5. Genetic, Social and Economic Factors
Pathophysiology
Chronic Bronchitis
- Inflammation causes vasodilation, congestion and mucosal swelling.
- Goblet cell hypertrophy → excessive mucus production.
- More smooth muscle and reduced cartilage support.
- Impaired cilia → poor mucus clearance.
- Thick mucus blocks airways → productive cough.
- Airways become infected with organisms like S. pneumoniae, H. influenzae, M. catarrhalis.
- V/Q imbalance leads to hypoxemia (low oxygen) and hypercapnia (high CO2).
- Chronic CO2 retention reduces sensitivity of brain respiratory centers.
Emphysema
- Loss of lung elasticity due to destruction of alveolar walls.
- Air trapping in alveoli → hyperinflation.
- Breakdown of lung tissue and capillary beds.
- V/Q imbalance improves by increased breathing rate; CO2 retention is less common than in chronic bronchitis.
- Centrilobular emphysema: Common in smokers; affects respiratory bronchioles.
- Panlobular emphysema: Seen in AAT deficiency; all lung segments affected.
- Paraseptal emphysema: Affects lung periphery and associated with spontaneous pneumothorax.
Clinical Evaluation
Physical Findings
Chronic Bronchitis (“Blue Bloater”)
- Onset usually after age 45.
- Chronic productive cough, worse in the morning.
- Progressive exertional breathlessness.
- Obesity, wheezing, rhonchi.
- Normal respiratory rate.
- Right-sided heart failure in late stages (JVD, edema, hepatomegaly).
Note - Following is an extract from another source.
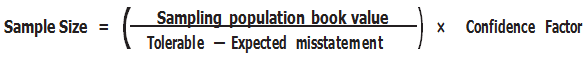 The sampling population book value is the total book value of all the items available to be selected in the sample.This total does not include items already removed for direct testing (i.e., all items greater than tolerable misstatement and other items selected based on size and/or risk characteristics).Tolerable misstatement is the greatest amount of misstatement that can be tolerated for the account being tested without concluding that the account is materially misstated. Expected misstatement is the amount of misstatement that the auditor expects to find in the account being tested.The âconfidence factorâ included in the above equation is determined based on the assessed risk of material misstatement for the account and the desired level of confidence from the sample. The confidence factor table below is from Garrett and Schulzkeâs sampling policy.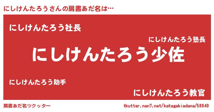 | ヒーロー風カッコイイあだ名 | 『スーパーニシケンタロウ』 |

- Cyanosis (bluish skin) may be seen.
Emphysema (“Pink Puffer”)
- Onset usually after age 55.
- Chronic cough with little sputum.
- Severe breathlessness (dyspnea).
- Weight loss, rapid breathing, pursed-lip breathing.
- Barrel-shaped chest.
- Hyperresonance on percussion.
- Reduced breath sounds.
Most patients have mixed symptoms of both bronchitis and emphysema.
Diagnostic Test Results
General COPD Diagnosis
A patient is considered to have COPD if:
- FEV1/FVC < 70% (post-bronchodilator)
- FEV1 < 80% of predicted value
Chronic Bronchitis Findings
- Blood test: Polycythemia due to chronic hypoxia.
- High WBC count during infection.
- Sputum: Thick, colored (yellow/green/white/gray).
- ABG: Low PaO2 (45–60 mm Hg), high PaCO2 (50–60 mm Hg).
- PFTs: Reduced FEV1/FVC, increased residual volume.
- Chest X-ray: Hyperinflated lungs, increased bronchovascular markings.
- ECG: Right ventricular hypertrophy.
Emphysema Findings
- Sputum: Scanty, clear or mucoid.
- ABG: Normal or slightly low PaO2 (65–75 mm Hg); late disease shows high PaCO2.
- PFTs: Low FEV1/FVC, increased lung compliance, increased TLC and RV.
- Chest X-ray: Bullae, blebs, flattened diaphragm, vertical heart, lung hyperinflation.